→ PROBLEM REQUIREMENTS
All lines with the word "اخلاقی" are to be found and copied from the listing.

→ RECORDED INFORMATION
****************************************
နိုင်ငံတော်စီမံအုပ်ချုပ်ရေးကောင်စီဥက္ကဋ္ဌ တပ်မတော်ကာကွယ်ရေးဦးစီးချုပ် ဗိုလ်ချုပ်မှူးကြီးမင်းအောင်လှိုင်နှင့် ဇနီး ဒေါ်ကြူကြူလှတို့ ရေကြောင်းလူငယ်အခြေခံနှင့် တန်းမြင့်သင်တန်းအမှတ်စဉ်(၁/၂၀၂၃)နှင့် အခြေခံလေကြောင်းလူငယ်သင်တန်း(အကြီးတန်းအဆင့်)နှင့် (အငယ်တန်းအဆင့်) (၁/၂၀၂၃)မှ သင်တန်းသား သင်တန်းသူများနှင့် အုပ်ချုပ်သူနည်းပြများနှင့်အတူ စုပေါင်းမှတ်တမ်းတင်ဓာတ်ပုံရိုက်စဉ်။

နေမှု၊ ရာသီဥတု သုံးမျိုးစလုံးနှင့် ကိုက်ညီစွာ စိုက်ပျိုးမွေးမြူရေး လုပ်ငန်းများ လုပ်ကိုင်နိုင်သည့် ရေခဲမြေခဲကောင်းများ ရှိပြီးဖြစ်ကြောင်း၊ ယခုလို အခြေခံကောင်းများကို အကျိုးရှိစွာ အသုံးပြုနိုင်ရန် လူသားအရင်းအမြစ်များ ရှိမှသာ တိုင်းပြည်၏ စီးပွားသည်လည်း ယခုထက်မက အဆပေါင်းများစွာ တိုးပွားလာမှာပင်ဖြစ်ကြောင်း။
****************************************
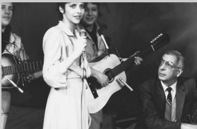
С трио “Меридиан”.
****************************************
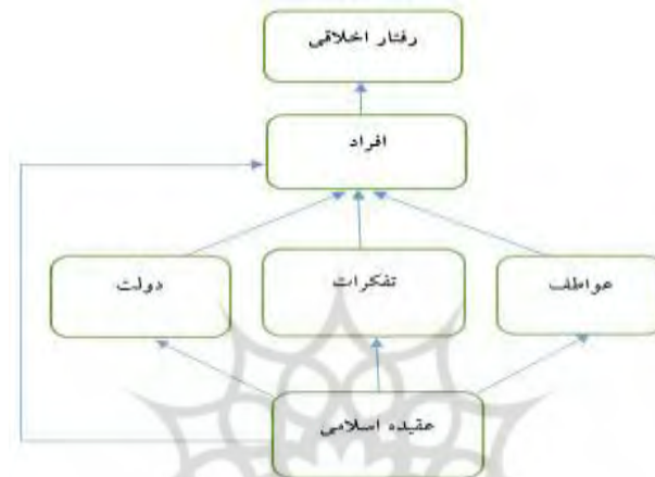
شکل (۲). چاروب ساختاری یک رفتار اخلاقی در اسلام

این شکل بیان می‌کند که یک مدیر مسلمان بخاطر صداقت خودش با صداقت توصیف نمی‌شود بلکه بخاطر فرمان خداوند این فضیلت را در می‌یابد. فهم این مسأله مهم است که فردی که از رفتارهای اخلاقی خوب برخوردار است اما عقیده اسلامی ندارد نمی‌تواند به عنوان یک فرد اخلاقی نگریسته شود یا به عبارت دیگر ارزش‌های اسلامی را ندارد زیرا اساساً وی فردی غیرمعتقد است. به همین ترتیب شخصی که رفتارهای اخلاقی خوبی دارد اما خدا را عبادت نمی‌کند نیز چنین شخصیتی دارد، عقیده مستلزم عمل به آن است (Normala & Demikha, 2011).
****************************************
→ SOLUTION FOR THIS PROBLEM
شکل (۲). چاروب ساختاری یک رفتار اخلاقی در اسلام
این شکل بیان می‌کند که یک مدیر مسلمان بخاطر صداقت خودش با صداقت توصیف نمی‌شود بلکه بخاطر فرمان خداوند این فضیلت را در می‌یابد. فهم این مسأله مهم است که فردی که از رفتارهای اخلاقی خوب برخوردار است اما عقیده اسلامی ندارد نمی‌تواند به عنوان یک فرد اخلاقی نگریسته شود یا به عبارت دیگر ارزش‌های اسلامی را ندارد زیرا اساساً وی فردی غیرمعتقد است. به همین ترتیب شخصی که رفتارهای اخلاقی خوبی دارد اما خدا را عبادت نمی‌کند نیز چنین شخصیتی دارد، عقیده مستلزم عمل به آن است (Normala & Demikha, 2011).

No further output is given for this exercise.